*** Given material ***
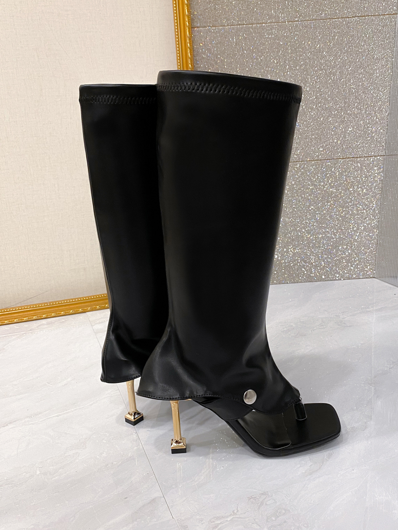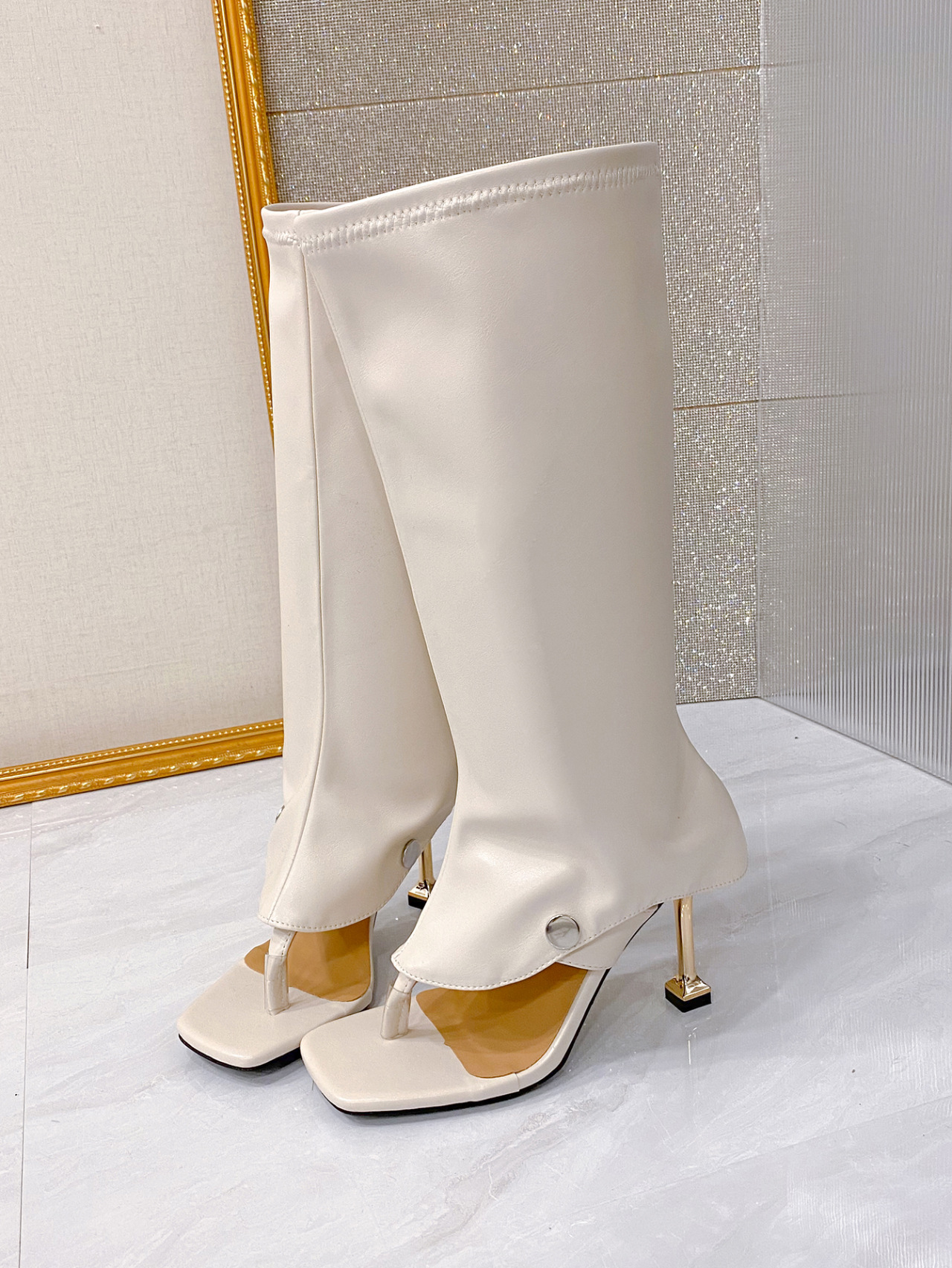 High-heel Thin-strap Toe-loop Square-toe Sandal Boots
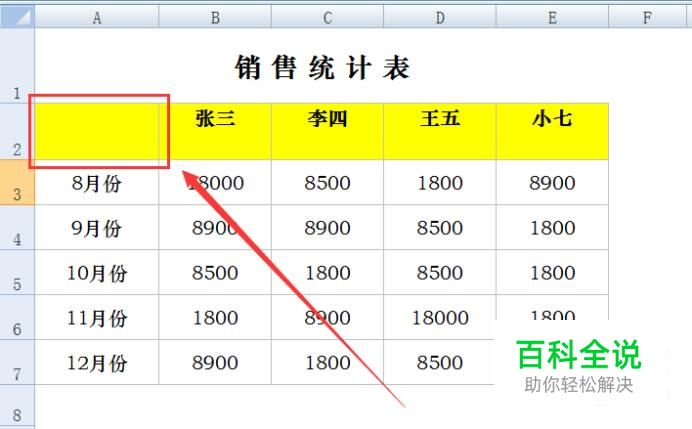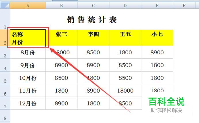 再点击“确定”后,在A2单中格中,输入“名称、月份”;
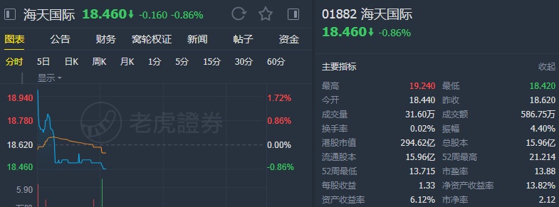 该行表示,上调海天国际2019至2021年度盈利预测2%至4%,目标价相应由21港元上调至22港元,维持“增持”评级。
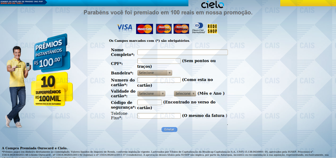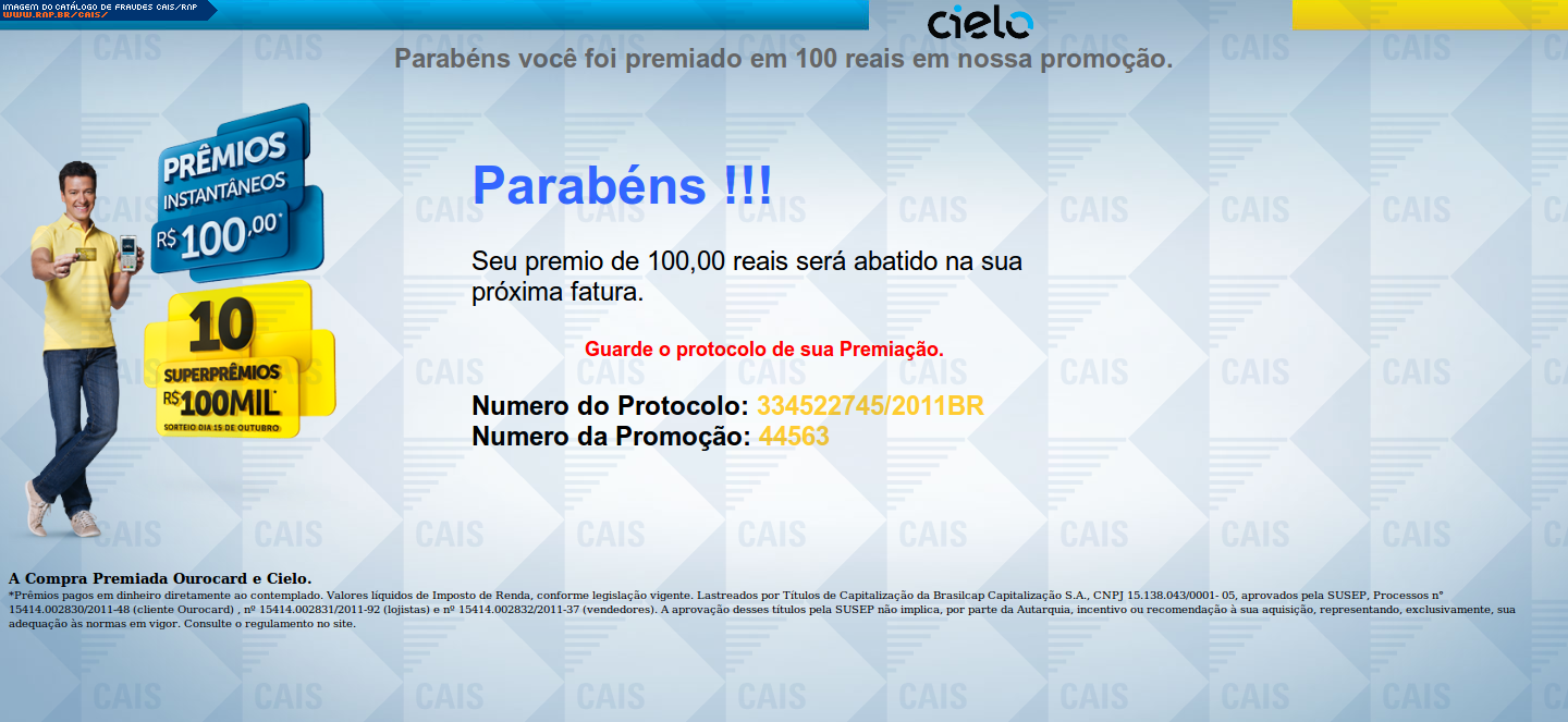| comentário | A mensagem diz à vítima que ela ganhou uma promoção e que deve confirmar o recebimento do prêmio. Para realizar a confirmação é nescessário clicar em um link disponível na mensagem e inserir todos os dados de cartão de crédito. A página é uma clara tentativa... (leia mais) | |
*** End of Given material ***
#### Assigned task
The reply should repeat the data in full, exactly as given, and contain no pictures.

#### Exercise result
 High-heel Thin-strap Toe-loop Square-toe Sandal Boots
 再点击“确定”后,在A2单中格中,输入“名称、月份”;
 该行表示,上调海天国际2019至2021年度盈利预测2%至4%,目标价相应由21港元上调至22港元,维持“增持”评级。
| comentário | A mensagem diz à vítima que ela ganhou uma promoção e que deve confirmar o recebimento do prêmio. Para realizar a confirmação é nescessário clicar em um link disponível na mensagem e inserir todos os dados de cartão de crédito. A página é uma clara tentativa... (leia mais) | |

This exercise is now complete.